I simply pause here to ask some gentleman better versed in the
science of mathematics than I am, to tell me if the timbered lands are
in fact the most valuable portion of that section of country, and they
would be entirely valueless without the timber that is in them, what
the remainder of the land is worth which has no timber on it at all?
But, further on, I find a most entertaining and instructive
interchange of views between the gentleman from Arkansas (Mr.
Rogers), the gentleman from Wisconsin (Mr. Washburn), and the
gentleman from Maine (Mr. Peters), upon the subject of pine lands
generally, which I will tax the patience of the house to read:
“Mr. Rogers—Will the gentleman allow me to ask him a question?

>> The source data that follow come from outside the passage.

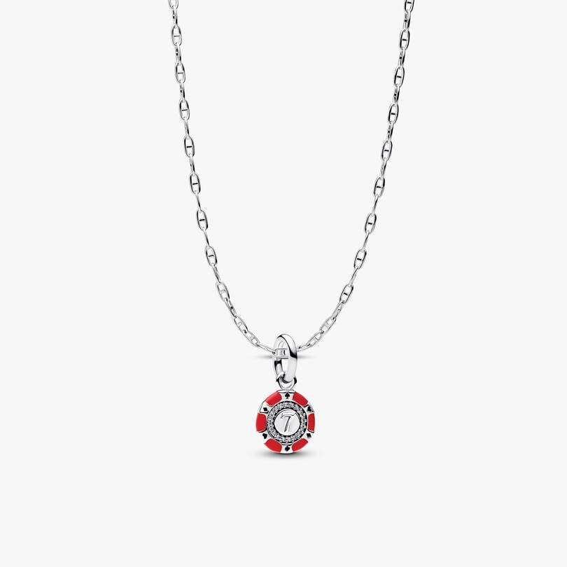 Manifest luck with this charm necklace set featuring a sterling silver anchor chain necklace and the Lucky Chip Dangle Charm detailed with cubic zirconia and painted enamel. Flip it for the engraved message “Lucky chip.
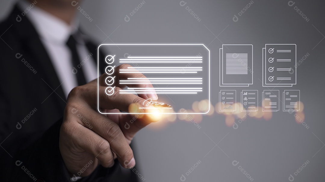 Conceito de gerenciamento de documentos. Ícones de tela virtual Ger...
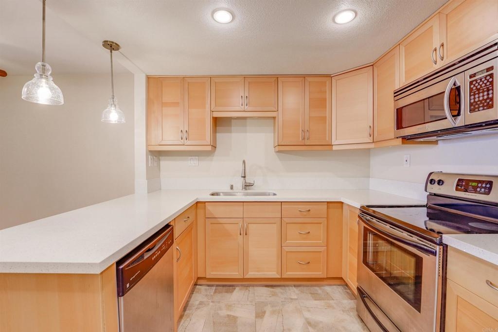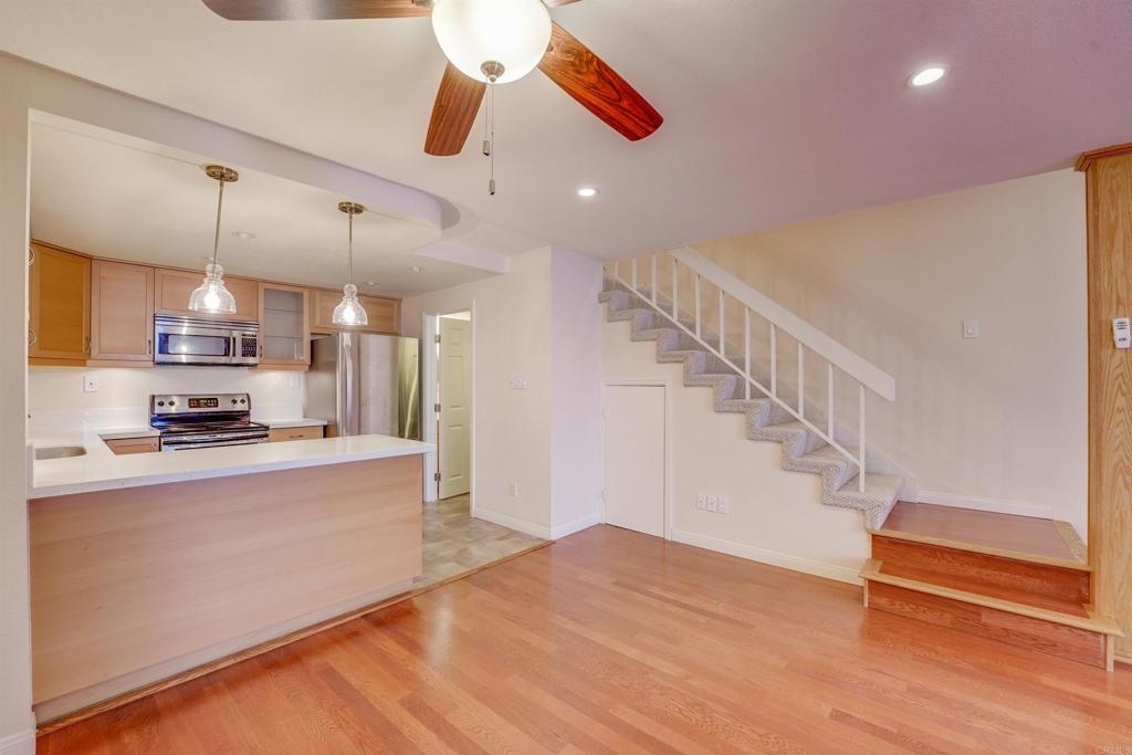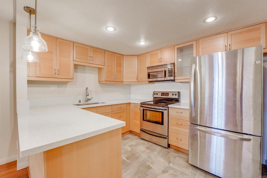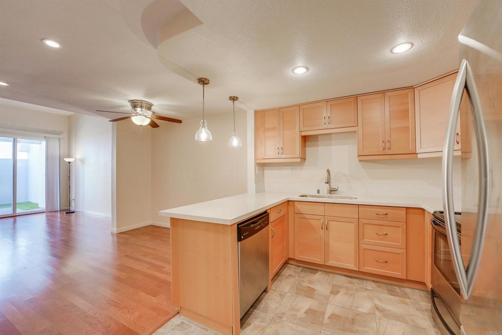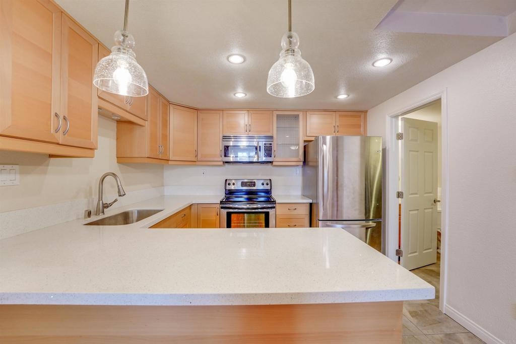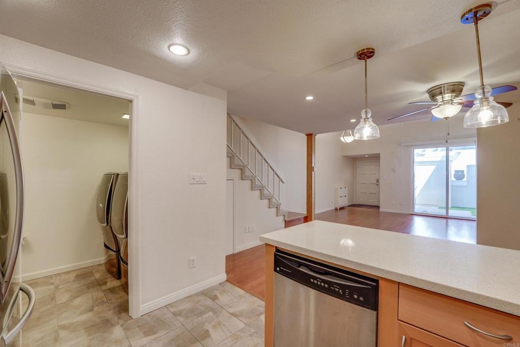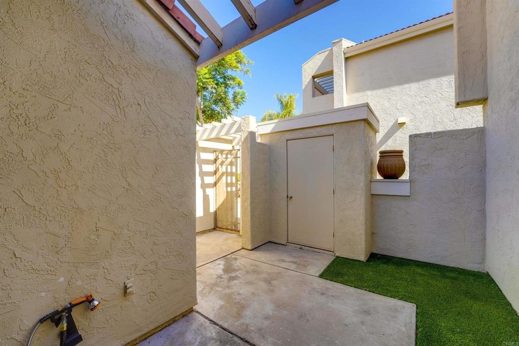This turn-key, highly upgraded townhome with vaulted ceilings has everything and feels like home from the moment you enter the private, gated entrance with large enclosed patio. Improvements include stainless steel appliances and quartz counters in the kitchen, fully remodeled primary bath, as well as full size, Premium LG washer and dryer inside the home. Retreat to your 2nd floor bedroom with custom walk in closet and high ceilings and sleep in peace with no one above or below you. The desirable community is central and conveniently located near conveniences, UTC, UCSD and the trolley. Easy access to both the 52 and 5 fwys makes it easy to get anywhere you need to go quickly. In just a few minutes, you’ll also find yourself downtown La Jolla or in Pacific Beach. VA approved.
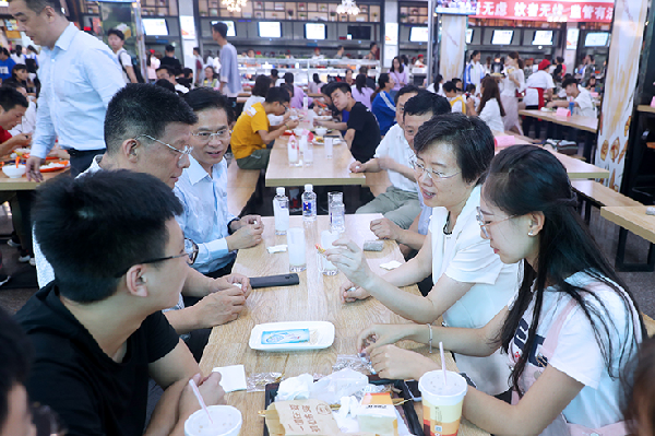 随后卫华来到beat365学馨苑餐厅,察看学生的用餐环境和用餐情况,仔细询问食品原料来源和价格情况,与正在就餐的学生亲切交谈、共进午餐并合影留念。
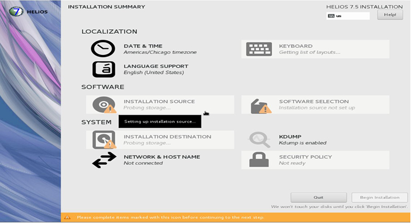 9. Guided Install language selection and System Configuration should now be completed. See System and hardware configuration. Click Configure on each tab of Guided Install where configuration is updated.
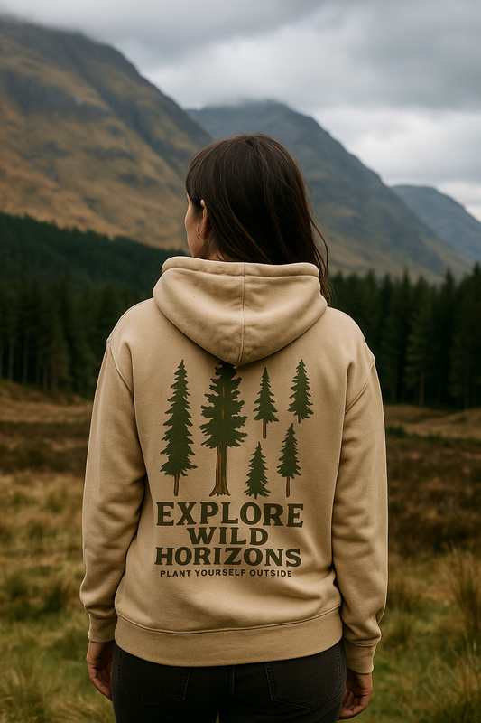 Explore Wild Horizons Hoodie – Plant Yourself Outside – Tree Graphic Hoodie – Sand Colour Hiking Sweater – Nature Lover Gift – Outdoorsy Hoodie
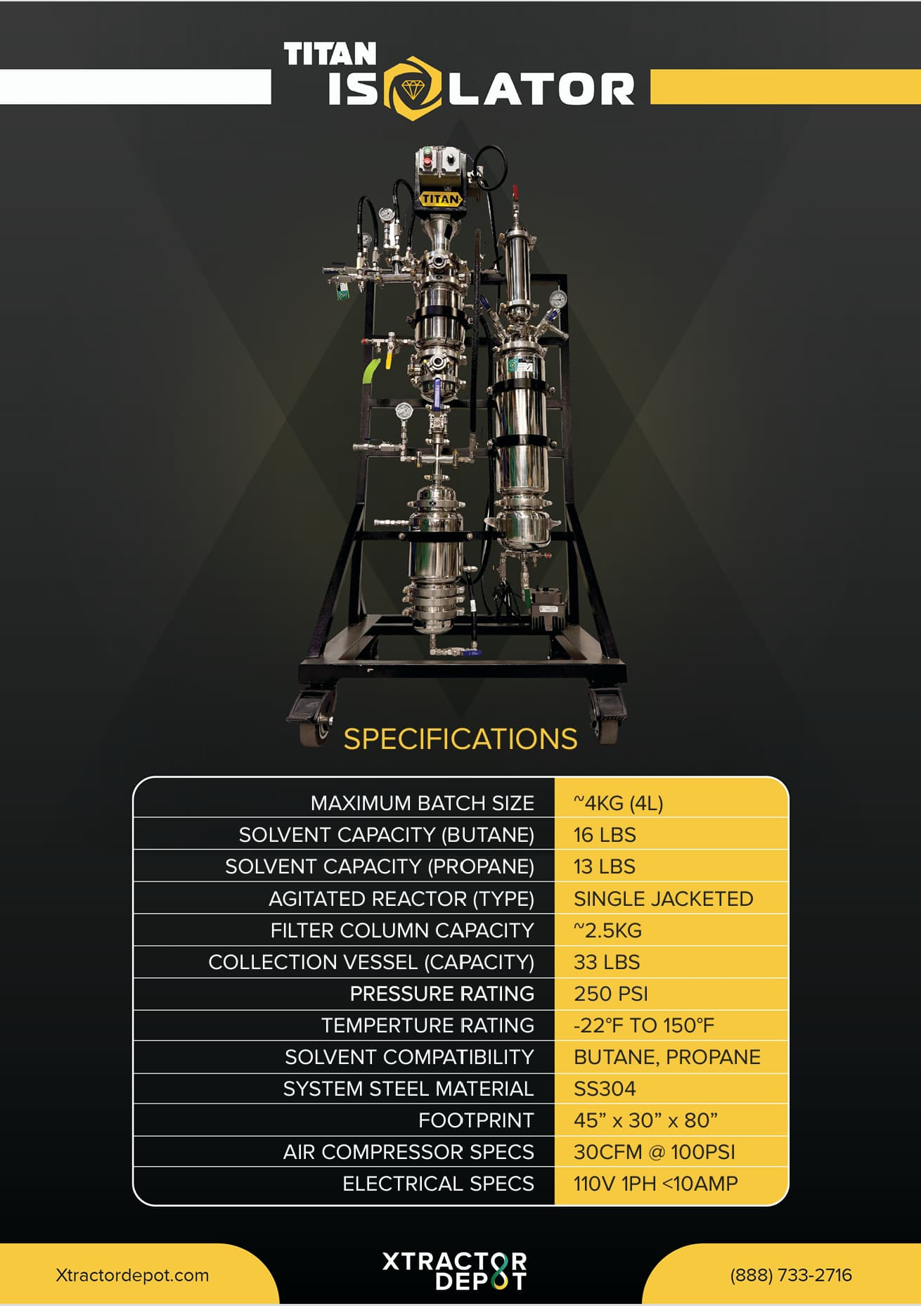 Hereâs a couple of spec sheets for our 4 Liter and 8 Liter Isolators. Due to current demand, wait time is up to 8 weeks from the time of payment to the time of shipping. When comparing prices, make sure to check that the peer review, training, and support is included. Our Isolator, combined with our training and SOP will have you cranking out 98-99% thca reliably, day in and day out.
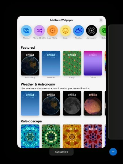 Press Customise and follow the instructions on the screen to customise the selected lock screen.
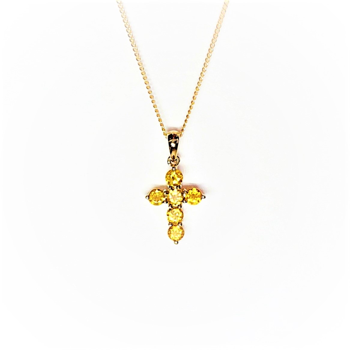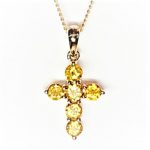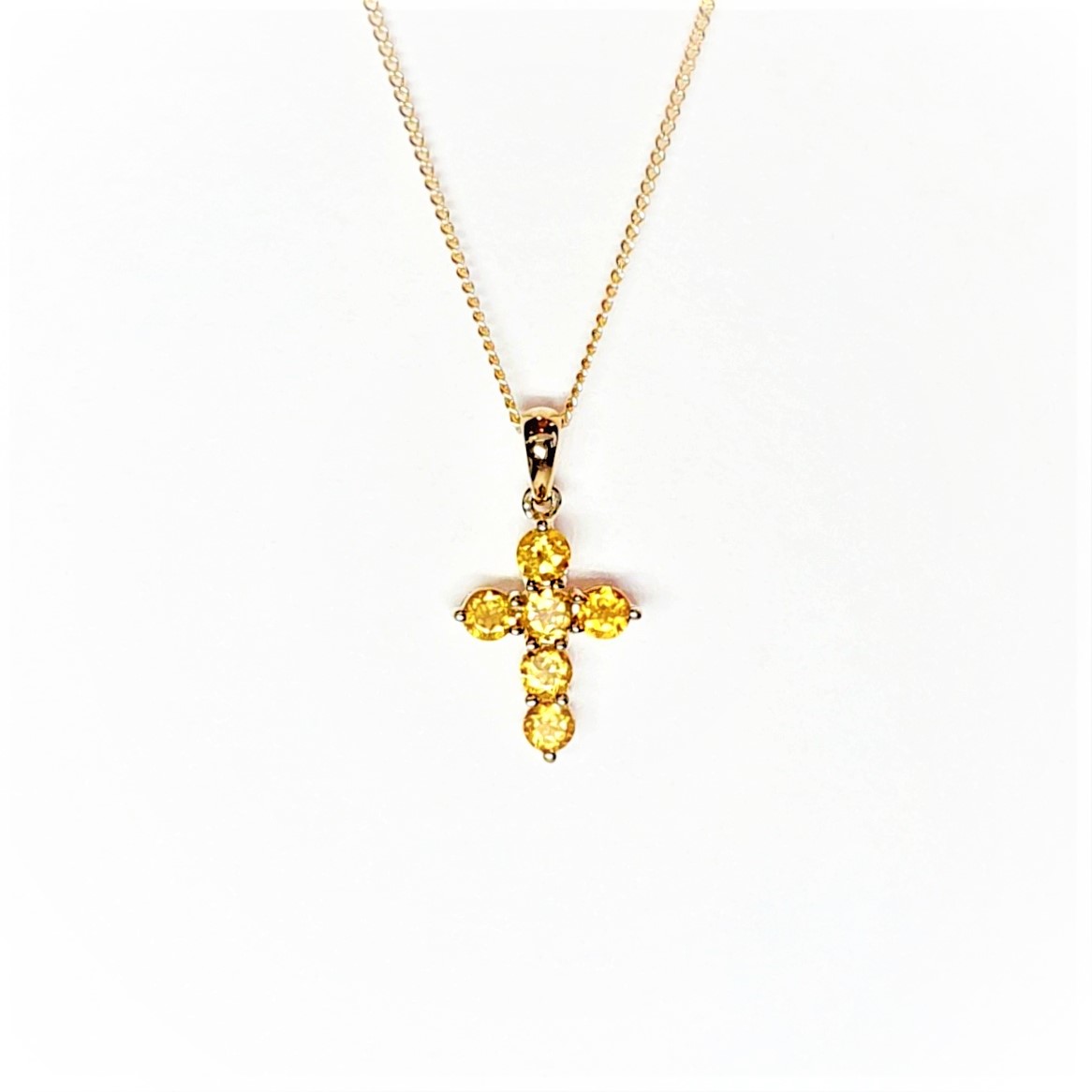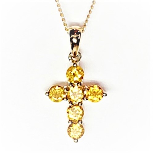 Simply stunning, this beautiful 9ct Yellow gold cross pendant and chain is elegant and intricately crafted. Claw set with six vibrant golden citrine stones, creating a dazzling colourful golden sparkle.
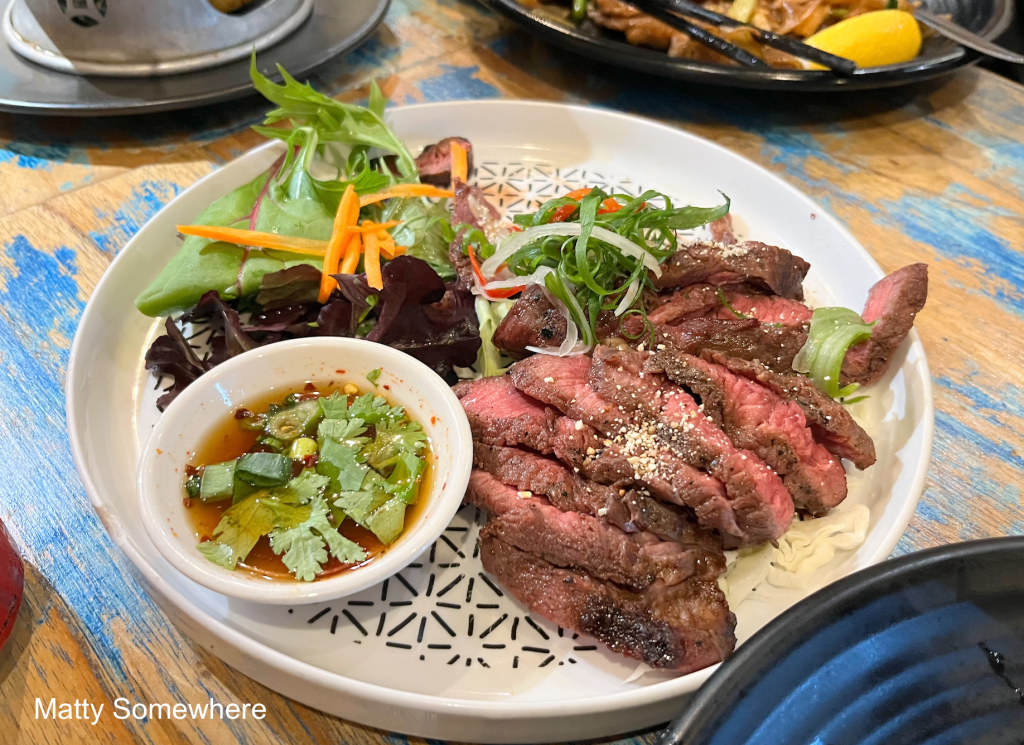 The Crying Tiger is a bold grilled beef dish, rich with smoky flavour and paired with a tangy, spicy dipping sauce. Its tender texture and vibrant seasoning make it deeply satisfying. While it’s served differently as I’ve seen before, the beef is cooked mid rare, its delightful, and the dipping sauce is what really makes this dish shine.
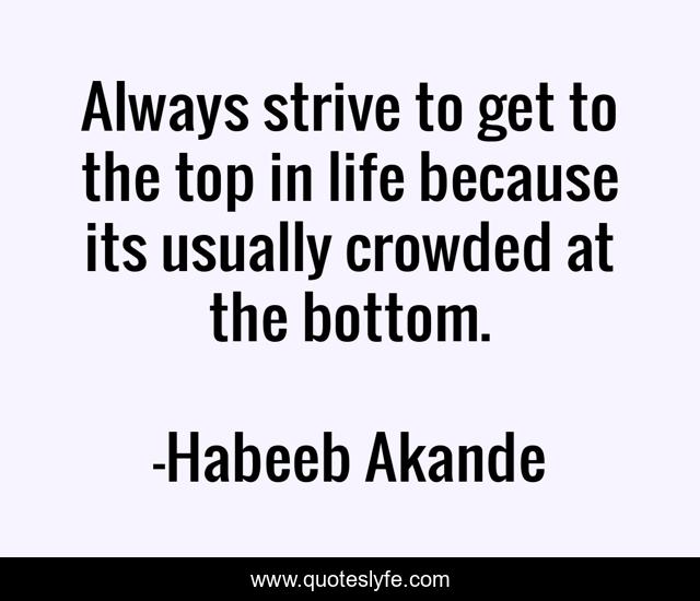 This page presents the quote "Always strive to get to the top in life because its usually crowded at the bottom.". Author of this quote is Habeeb Akande. This quote is about ambition, determination, strive,.
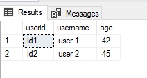 Insert into testusercheck values('id4','user 2',25)The final table looks like below
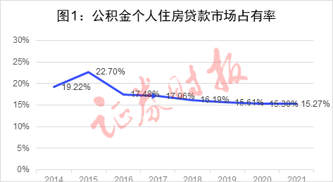 公积金贷款市场占有率也呈现类似特征,从2015年末的22.7%下降至2021年末的15.3%,说明公积金贷款在房贷中的作用逐年变小。
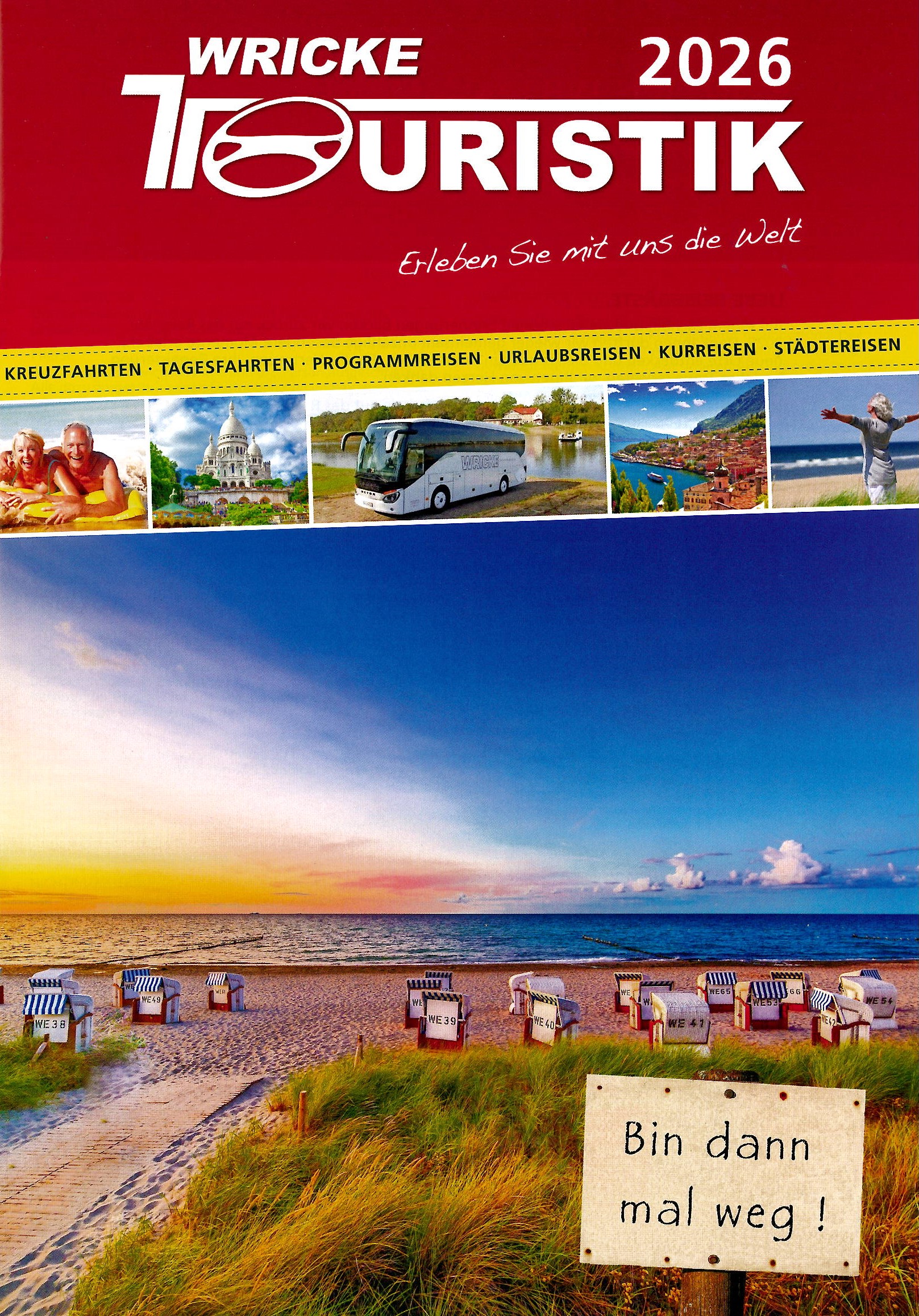 Kein Problem. Direkt online und kostenlos können Sie den aktuellen Wricke Touristik Katalog bestellen. In wenigen Tagen halten Sie unseren Katalog in Ihren Händen und können gleich in unserem Angebot stöbern.

“Mr. Washburn, of Wisconsin—Certainly.
“Mr. Rogers—Are these pine lands entirely worthless except for
timber?
“Mr. Washburn, of Wisconsin—They are generally worthless for
any other purpose. I am personally familiar with that subject. These
lands are not valuable for purposes of settlement.
“Mr. Farnsworth—They will be after the timber is taken off.
“Mr. Washburn, of Wisconsin—No, sir.
“Mr. Rogers—I want to know the character of these pine lands.
“Mr. Washburn, of Wisconsin—They are generally sandy, barren
lands. My friend from the Green Bay district (Mr. Sawyer) is himself
perfectly familiar with this question, and he will bear me out in what
I say, that these timber lands are not adapted to settlement.
“Mr. Rogers—The pine lands to which I am accustomed are
generally very good. What I want to know is, what is the difference
between our pine lands and your pine lands?
“Mr. Washburn, of Wisconsin—The pine timber of Wisconsin
generally grows upon barren, sandy land. The gentleman from Maine
(Mr. Peters) who is familiar with pine lands, will, I have no doubt,
say that pine timber grows generally upon the most barren lands.”
“Mr. Peters—As a general thing pine lands are not worth much for
cultivation.”
And further on I find this pregnant question the joint production
of the two gentlemen from Wisconsin.
“Mr. Paine—Does my friend from Indiana suppose that in any
event settlers will occupy and cultivate these pine lands?
“Mr. Washburn, of Wisconsin—Particularly without a railroad.”
Yes, sir, “particularly without a railroad.” It will be asked after
awhile, I am afraid, if settlers will go anywhere unless the
government builds a railroad for them to go on.
I desire to call attention to only one more statement, which I think
sufficient to settle the question. It is one made by the gentleman
from Wisconsin (Mr. Paine), who says:
“These lands will be abandoned for the present. It may be that at
some remote period there will spring up in that region a new kind of
agriculture, which will cause a demand for these particular lands;
and they may then come into use and be valuable for agricultural
purposes. But I know, and I cannot help thinking that my friend
from Indiana understands that, for the present, and for many years
to come, these pine lands can have no possible value other than that
arising from the pine timber which stands on them.”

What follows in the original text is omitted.